Colt cussed under his breath. Gabe had never got the hang of the police radio.
“Got his taillights in front of me now. We’re about a quarter mile from you. Get ready.”
Colt clamped his hat on head, pulled out his rifle and opened his truck door to rest the barrel against the bottom of the window frame. In the distance, he saw the glint of metal in the early morning sunlight.
Wade clapped his shoulder. “We’ve got him boxed-in tight. No place he can go. We knew it was a diversion the second the barn went up.”
“Didn’t count on the fact he was already inside the damn house,” Colt ground out. “We were watchin’ the pastures, the roads.”
Gabe had seen him and Zuri slip across the pasture, but the bastard had a gun on her, and his brother had to hold back so Satterly wouldn’t spook and kill her on the spot. “Gabe’s been followin’ with lights off so he wouldn’t know he was bein’ trailed while I called in support. Should’ve arrested his ass the moment he nosed around the Roy’s garage.”
“Didn’t have cause,” Wade said from where he stood, rifle braced in the window on the other side of his truck.
Colt gave him a glance across the cab. “Wouldn’t have mattered.

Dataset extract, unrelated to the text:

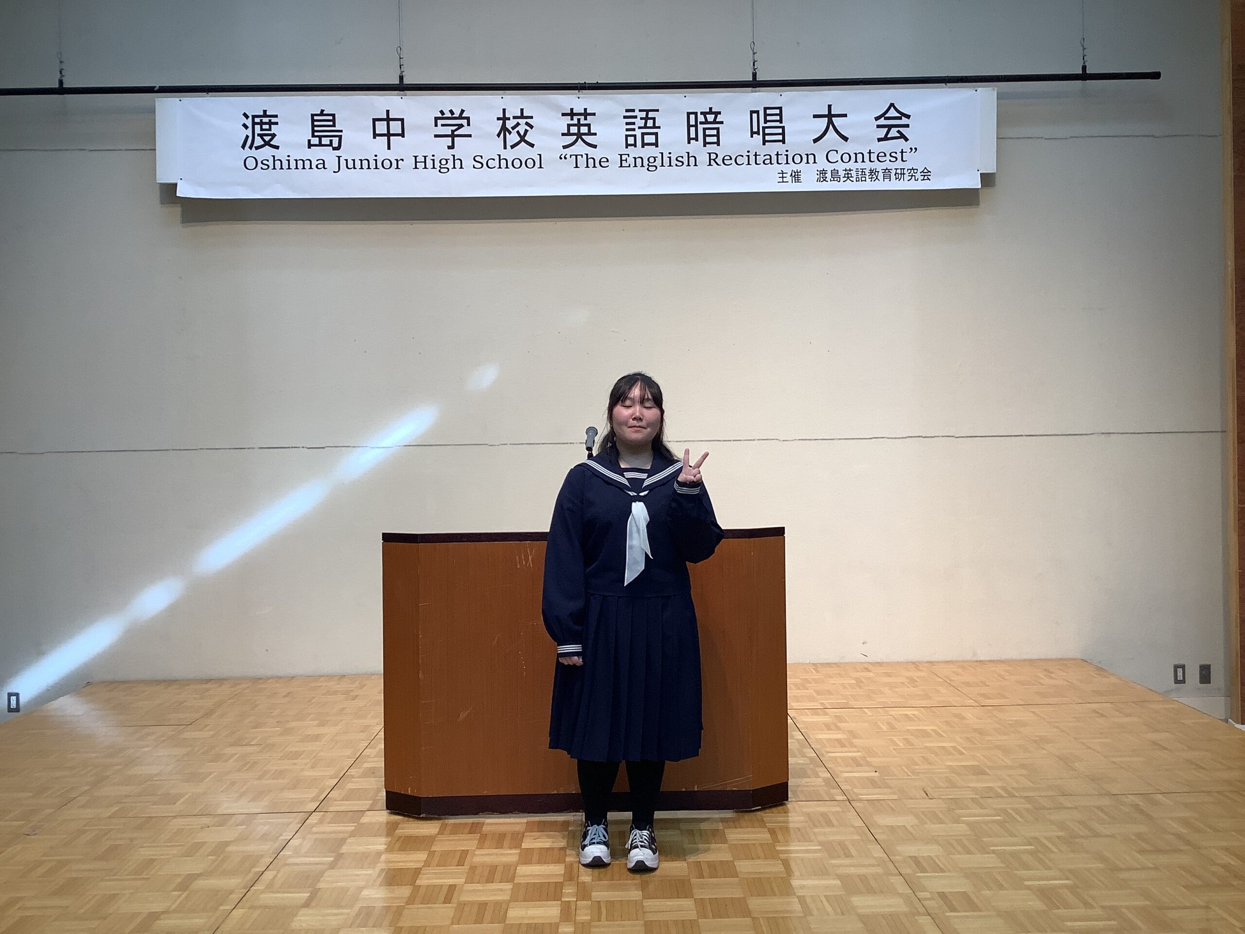 本日10月17日(金)、北斗市農業振興センターにて開催された「渡島中学校英語暗唱大会」に、本校代表として3年生の村上七海さんが出場いたしました。

Zuri’d be safe. I should’ve been there. Should’ve stuck to her like glue.”
“You’re the law. It was your duty to alert the feds. When Satterly moved out of his hotel room, the deputies scrambled me. Had to call you, boss. It’s what you’ve been waitin’ for.”
Colt narrowed his gaze on the car approaching at a fast clip. The glint was Satterly’s sedan. He reached into the dash and flipped the switch to set the blue lights strobing. The other trucks followed suit.
The sedan slowed. Colt bent his head and stared through his rifle sight. It was Satterly behind the wheel all right. Beside him sat Zuri, her hand hanging from a set of cuffs. His gut tightened. She looked scared.
The car weaved then swerved, running off the road as the wheels turned and Satterly began to make a U-turn but discovered his way was blocked by another set of vehicles coming from the direction of the ranch.
Gabe slowed and flashed his headlights. Behind him were three more trucks, all from the ranch, ranch hands crammed in the cabs and tail beds, all armed.
“Hope they know not to let off a shot while she’s inside,” Colt growled.
“Your brother Tommy might think he’s so good with that rifle of his that he could take him out where he sits.”
“I’d have his ass if he tried.”
Satterly’s car halted, half in the ditch, then lurched back onto the road and headed slowly toward Colt and his deputies’ cars.
“Come on, buddy, do the smart thing.”
The car kept coming, the engine building. No sign from the driver he was going to stop.
Colt shook his head, pulled his rifle from the window and slammed his door closed. With his rifle held against his thigh, he strode down the center of the highway toward the car.